Wednesday, June 11, 2008

facebook

my participation in facebook might be taking me further from the things that i want. the transformation i desire is asking me to change my current ways and practice being vulnerable, taking chances, risking...all of which are available on facebook with every friend request, message sent, or picture posted. with a click here and a comment there i'm offering myself for someone else to either accept or reject me - not just my screen name - with one push of a button! i'm amazed at how easy our culture makes it for me to feel less-than.

i send a 'friend request' out into the void and i hold my breath, waiting and hoping that it will be accepted - and thickening my skin for the times that it isn't. but my dilemma is that i already have thick skin - that's what i'm trying to alter, work on, fix in me, transform - and yet i'm inviting more of the sameness i don't want with every request sent. why?

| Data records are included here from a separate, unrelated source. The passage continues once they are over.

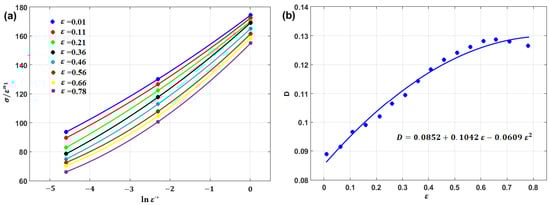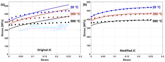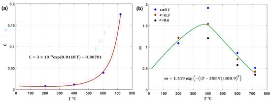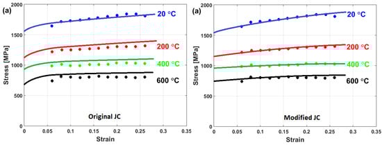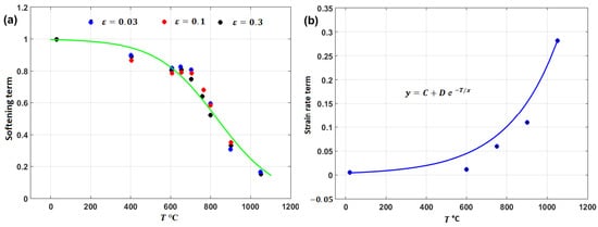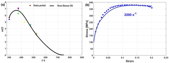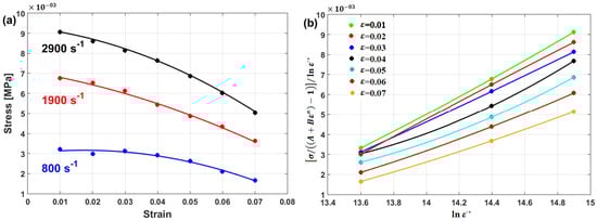 where , and are material constants. The strain rate, , defines a transition between thermally activated and viscous regimes and is stated to have 0.001 s−1 [71]. Constants , and are determined in the same way that was explained for the original JC model (see Section 3.1). At the reference temperature, after performing some rearrangements, Equation (12) can be written as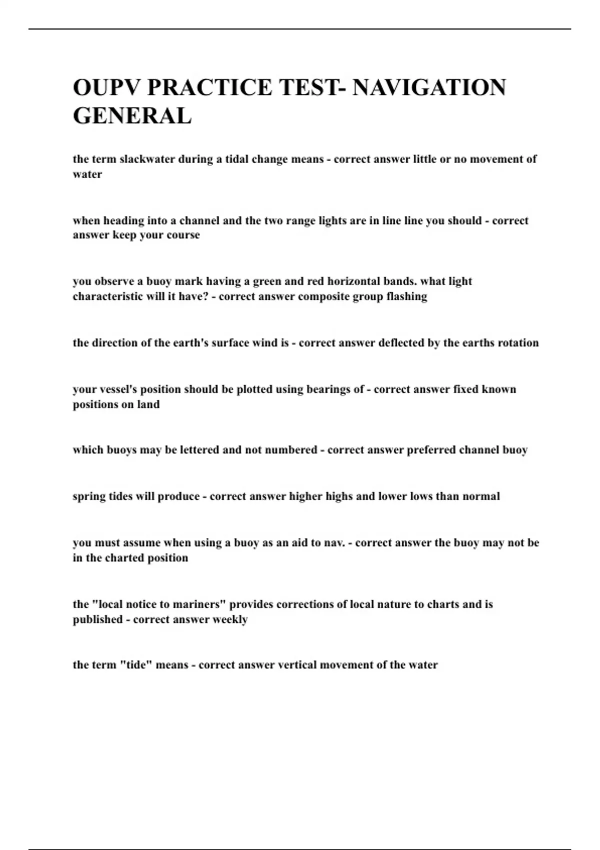 OUPV PRACTICE TEST- NAVIGATION GENERAL|UPDATED&VERIFIED|100% SOLVED|GUARANTEED SUCCESS
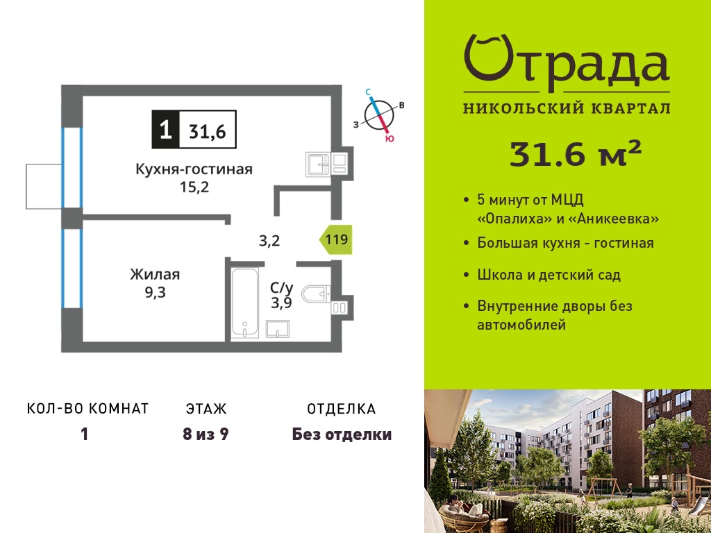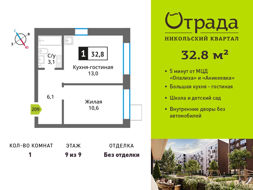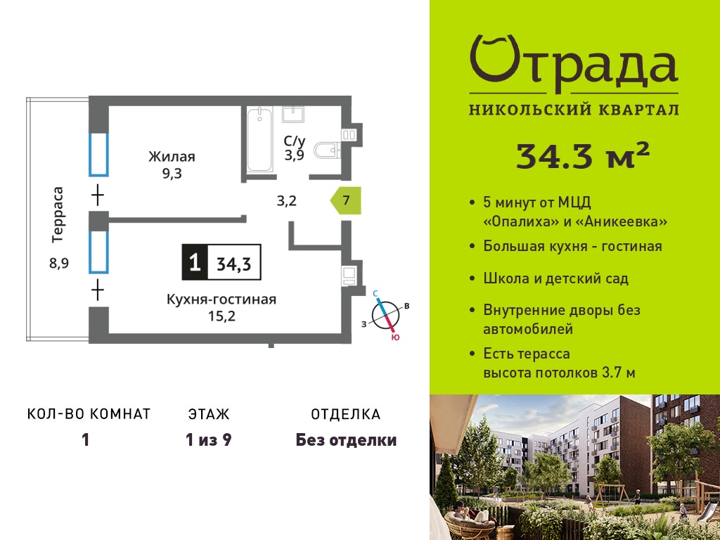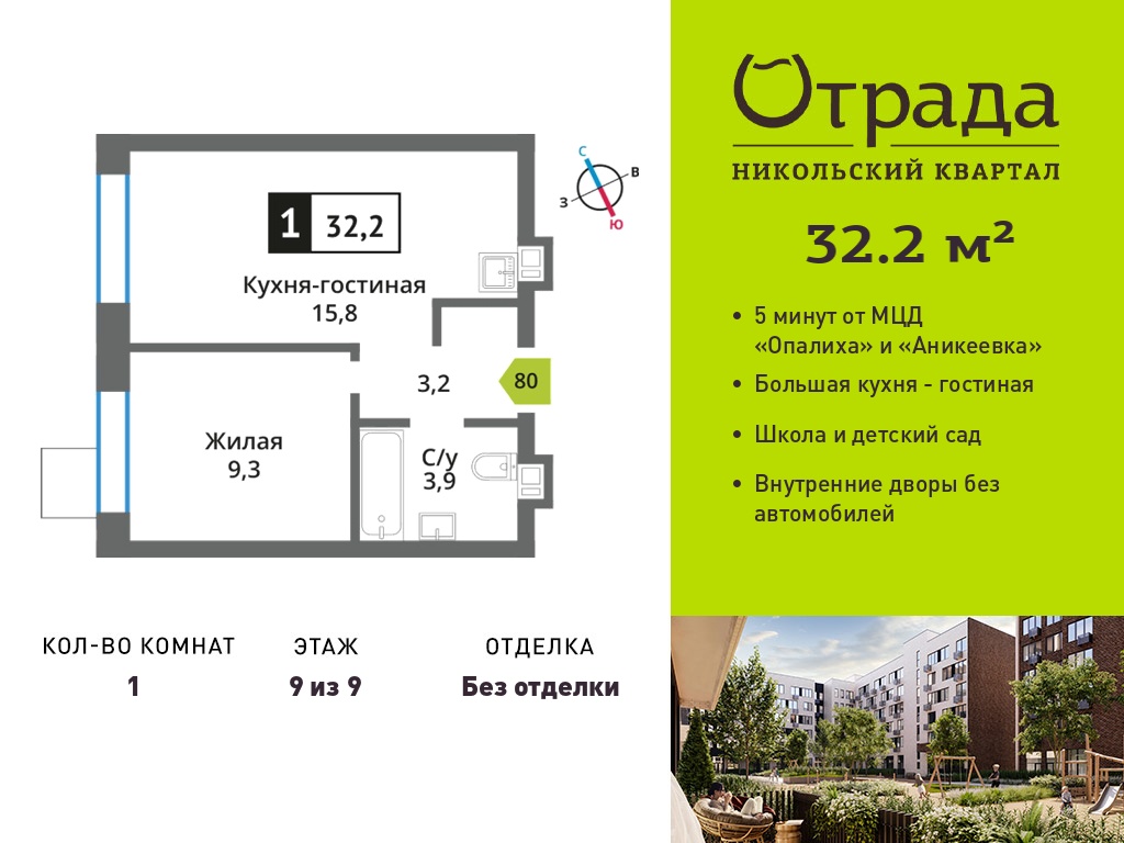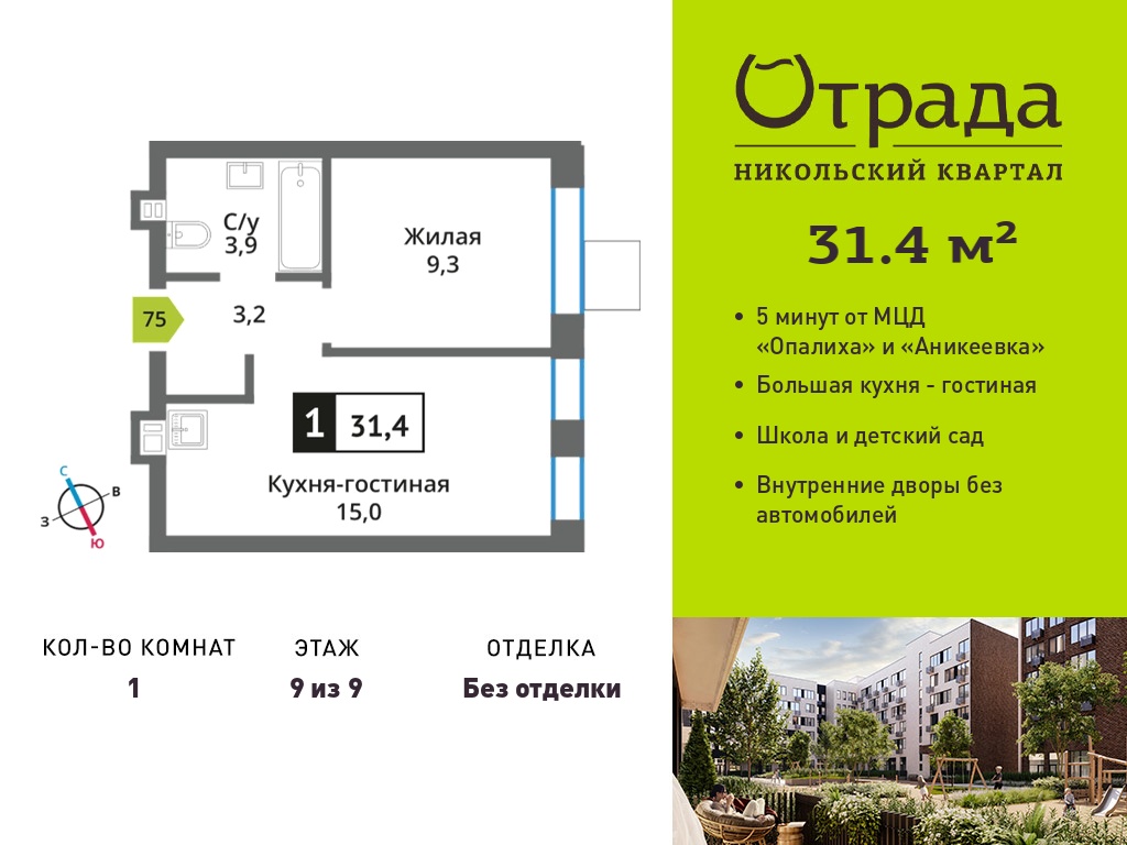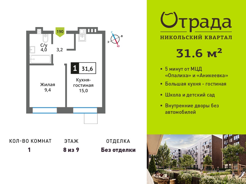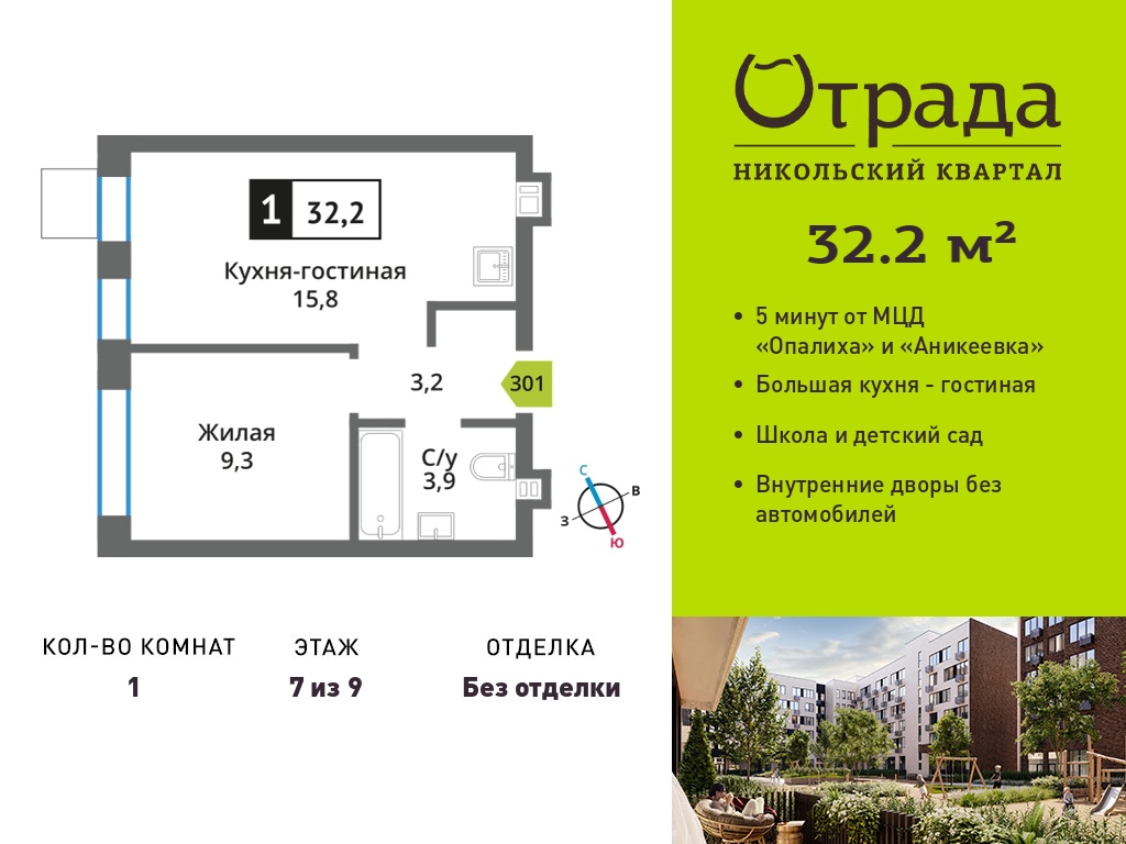 Однокомнатные квартиры в Никольский квартал Отрада

does peeking in on every one's lives bring me intimacy? truth? inner transformation? i don't even have to ask the question, because i know the answer already. does it have eternal value? possibly. but i'm not confused about what it has brought already: small, yet present anxiety, a temporary fill or depletion from my self-esteem, and ultimately it has taken my time away from other endeavors that have a far richer return on my investment.

so, with a new laptop that sits on my kitchen table with 24-7 access, i'm having to ask myself the tough questions - and preparing to act on the answers i probably already knew.

k.

1 comment:

:::No Longer Mute said...

It's ironic how easier access doesn't necessarily lead to any true form of intimacy. And yet somehow the world of facebook enables me to feel within reach of those I've experienced some form of connection during my lifetime. It can easily become a distraction from more meaningful doings. It can even interfere with our kingdom-like longings. I think I confessed to you the other day that facebook was the primary instigator of a dispute between Brian and I! Craziness. So as I wrestle to find out what it means to remain accessible to others without allowing such accessibility to consume my life, I too am learning how to listen to the quiet whispers of the heart's deepest longings.